### Data segment
--

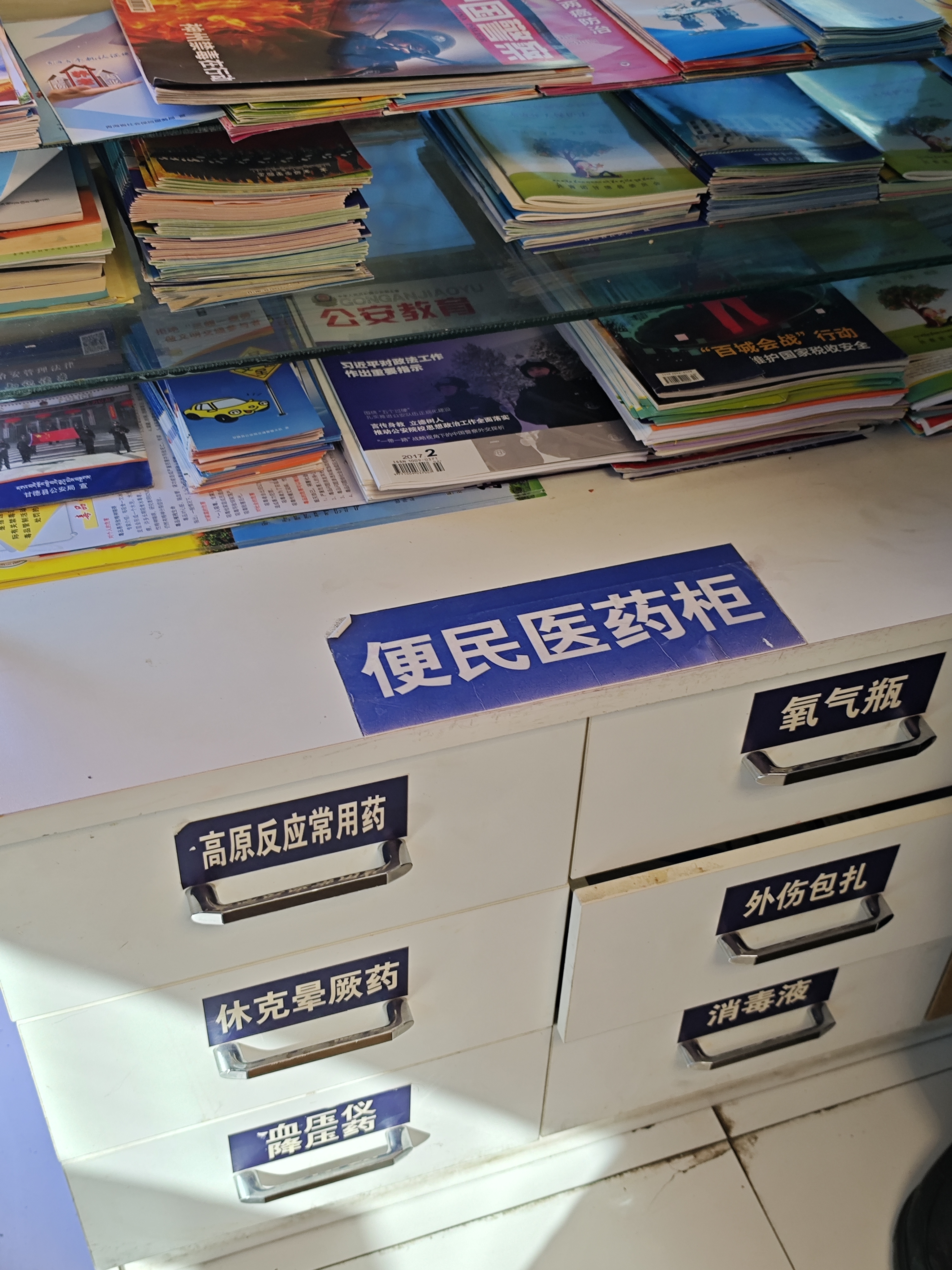 “這里也是一個簡易的醫療救助點。由于甘德縣城海拔4020米,屬于高原地區,加之每年的四月至十月期間外來務工人員及旅游人員眾多,難免出現高原反應等其他疾病。派出所廣場警務站作為聯系群眾的紐帶,配備了應對高原反應的藥物如紅景天等,配備的這些簡易醫療設備可以暫時幫助群眾接受藥物治療,緩解身體不適,截至目前共發放價值6000余元的藥物。”馬明旭說。
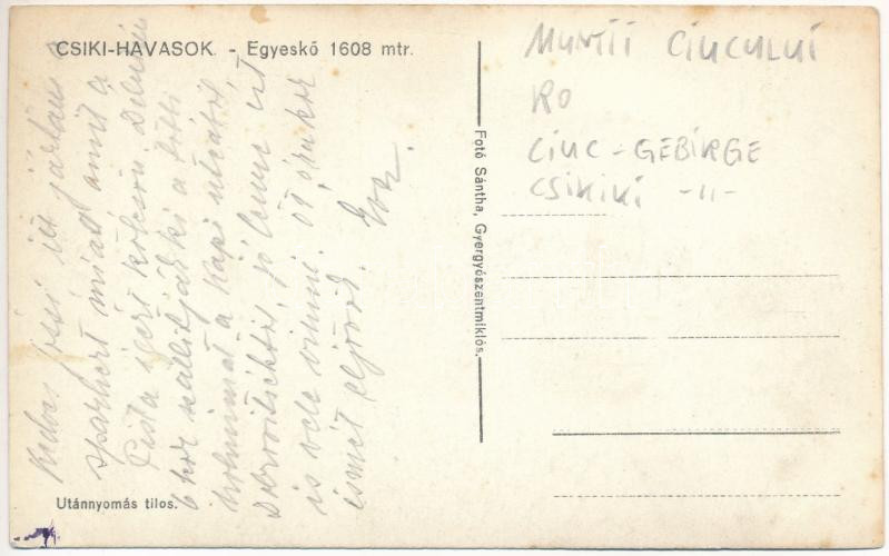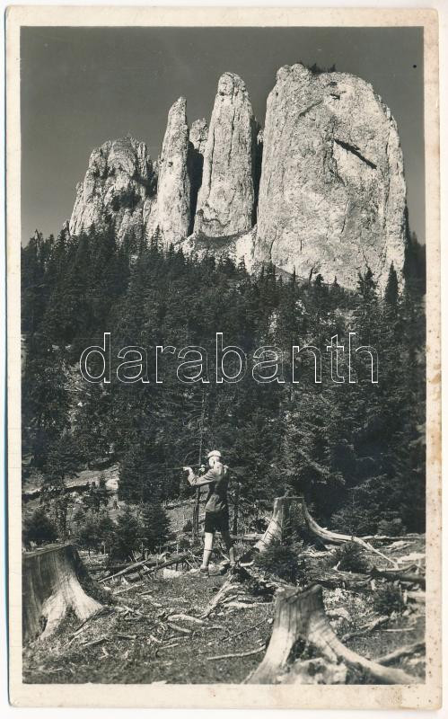 Egyes-kő, Egyeskő, Piatra Singuratica; Csíki-havasok, vadász puskával.... https://www.darabanth.com/de/455-Fernauktion/455.0/Ansichtskarten/Siebenburgen~1500006/Egyes-ko-Egyesko-Piatra-Singuratica-Csiki-havasok-vadasz-puskaval-Foto-Santha-Muntii~II3031982
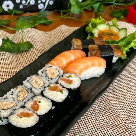 2 niguiris de salmão, 2 niguiris skin, 5 makis filadélfia e 5 makis grelhados.

--

### Problem requirements
Copy the listing exactly, omitting pictures.

### Response to this task
 “這里也是一個簡易的醫療救助點。由于甘德縣城海拔4020米,屬于高原地區,加之每年的四月至十月期間外來務工人員及旅游人員眾多,難免出現高原反應等其他疾病。派出所廣場警務站作為聯系群眾的紐帶,配備了應對高原反應的藥物如紅景天等,配備的這些簡易醫療設備可以暫時幫助群眾接受藥物治療,緩解身體不適,截至目前共發放價值6000余元的藥物。”馬明旭說。
 Egyes-kő, Egyeskő, Piatra Singuratica; Csíki-havasok, vadász puskával.... https://www.darabanth.com/de/455-Fernauktion/455.0/Ansichtskarten/Siebenburgen~1500006/Egyes-ko-Egyesko-Piatra-Singuratica-Csiki-havasok-vadasz-puskaval-Foto-Santha-Muntii~II3031982
 2 niguiris de salmão, 2 niguiris skin, 5 makis filadélfia e 5 makis grelhados.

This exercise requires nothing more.